В марте 1856 года при известии о мире Иван Аксаков оставил дружины и возвратился в Москву… Через год он закончил свой труд по исследованию украинских ярмарок и был награжден за него Географическим обществом Константиновскою медалью, а впоследствии получил за него же Демидовскую премию Академии наук.

«Бродяжничество», однако, еще не перебродило в Иване Сергеевиче, его тянуло в новое путешествие, но на этот раз уже по чужим краям, которые надобно было увидеть собственными глазами, чтобы глубже понять существенные для него вопросы (относящиеся к России и Европе), и только после этого можно было зажить оседлой жизнью, серьезно приняться за какое-то постоянное дело.

И вот он за границей, в Париже, на первых порах оглушенный, ошеломленный шумом, гулом, движением, блеском этого «волшебного города», но вскоре же, по прошествии первого впечатления, видящий за всем этим блестящим водоворотом некую суетность и никчемность.
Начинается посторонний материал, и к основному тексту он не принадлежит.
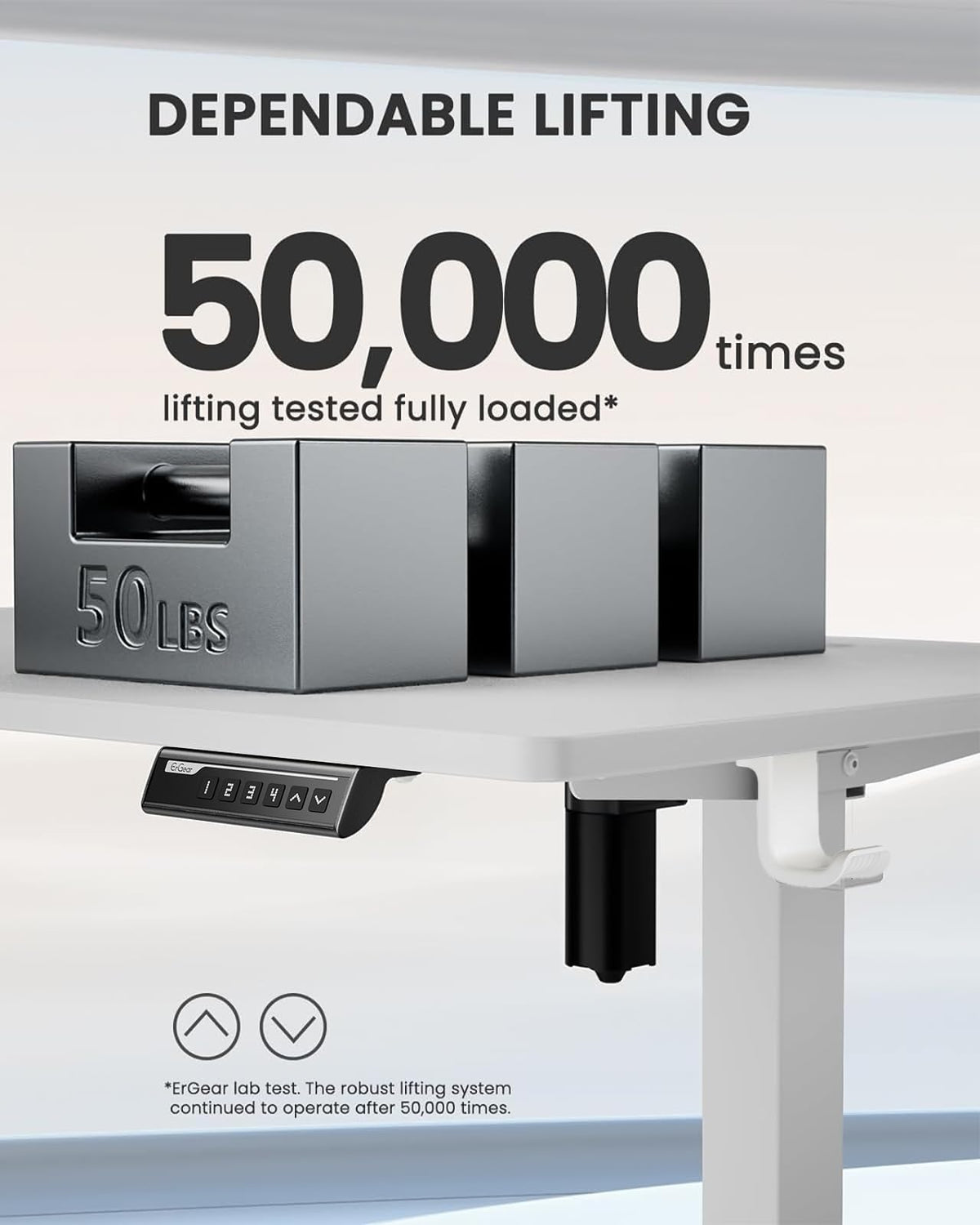 Details: ErGear enhances your workspace with dependable, scientifically-designed ergonomic products. We believe that making every hour a bit more flexible and comfortable leads to a life with greater freedom. Work & Play More Freely Complete Flexibility. Total Freedom Find a better way of working. Sit or stand, and switch easily anytime with this Electric Standing Desk. Be more productive and comfortable. Sturdy & stable solid steel frame. Aerospace-grade lifting column connectors. Powerful lifting system tested 50,000 times. High load capacity (176 lb) to hold & lift more. Wide height adjustment and 3-setting memory. UL-certified for performance, durability, and safety. Specifications. Desktop Sizes: 40" x 24" / 48" x 24" / 55" x 28" / 63" x 28" Color: Black, Natural, Vintage Brown3 Custom Height Settings Instant one-press access to the heights you use.A Breath of Fresh AirTo save new trees, we use recycled waste wood (like quality-graded timber mill wood chips). You can also breathe easy because our desks meet EPA and CARB safe air standards with low emission of VOCs like formaldehyde.Fast 30-Minute Assembly The streamlined assembly process means less steps, stress, and struggles. Just follow the clear Electric Standing Desk instruction manual & video.Intuitive ControlThe minimalist, modern controller of this Electric Standing Desk enables smart and smooth adjustment.UL-Certified & FCC-CompliantThis Electric Standing Desk is designed and manufactured to a higher standard. Thoroughly tested (under UL 964) to ensure performance, durability, and safety. Also meets strict FCC Class B home device regulations.

И что всего возмутительнее в его глазах — это «раболепство умных народов, у которых есть жизнь духовная, перед внешним блеском чисто внешней жизни». Хотелось ему отыскать и понять те «добрые стороны», которые есть же у всякого народа, но сделать это было нелегко, лучшее, видимо, было разбросано, как все редкое, и находилось где-нибудь в другом месте, недоступное за дальностью расстояния. Краткость пребывания в Париже не помешала Ивану Сергеевичу сделать суровый вывод о здешней духовной среде, где «отовсюду видны края и дно, стремлений высших нет».





Вольнее, внутренне свободнее почувствовал себя Иван Сергеевич с приездом в Италию, оказавшись сразу же под неодолимой властью красоты, изобилием которой, кажется, здесь насыщен сам воздух. В Риме он насчитывает четыре города: Рим древний (с Колизеем, соответствующим идее древнего владычества Рима), Рим католический (с храмом Святого Петра, соответствующим идее католического всемирного владычества), Рим художественный и Рим народный. И о каждом Риме у него свое мнение, свои мысли, вынесенные не из книг, а из собственных впечатлений, — так важно все это увидеть своими глазами. После Рима с его развалинами, вещающими про могучую жизнь древнего мира, с неисчислимыми сокровищами музеев, ласкающей синевой моря и упоительной природой встретил путешественника Неаполь; и совсем очаровала Венеция; с площадью Святого Марка, с сотнями мостиков и арок, возносящихся над каналами, с почерневшими от времени дворцами, опоясанными водою. Сама итальянская природа, по-юному яркая, пышная, впечатляющая, пришлась, как видно, ему по вкусу. Путешествуя по югу России, он задумывался о мироощущении современного человека, о том, как угасает, исчезает тепло, интимность быта и в сознание, в жизнь человека входит холод неких горних высот. И здесь, в Италии, его потянуло испытать высоту особого рода. Он совершил восхождение на Везувий, был в самом кратере, стоя на застывшей, отвердевшей лаве и видя, как неподалеку со страшным шумом и ревом вырываются из двух жерл, дымясь и беснуясь, изрыгая камни и серу, два огненных языка, и рядом, почти под ногами, под застывшим слоем, сквозь трещины дышит, выбиваясь дымом, раскаленная лава, кажется, из самой преисподней земли. Великолепное, ужасное, торжественное зрелище, думал он, и здесь же закурил сигару на «огне Везувия», то есть от горячего куска лавы, выброшенного на глазах.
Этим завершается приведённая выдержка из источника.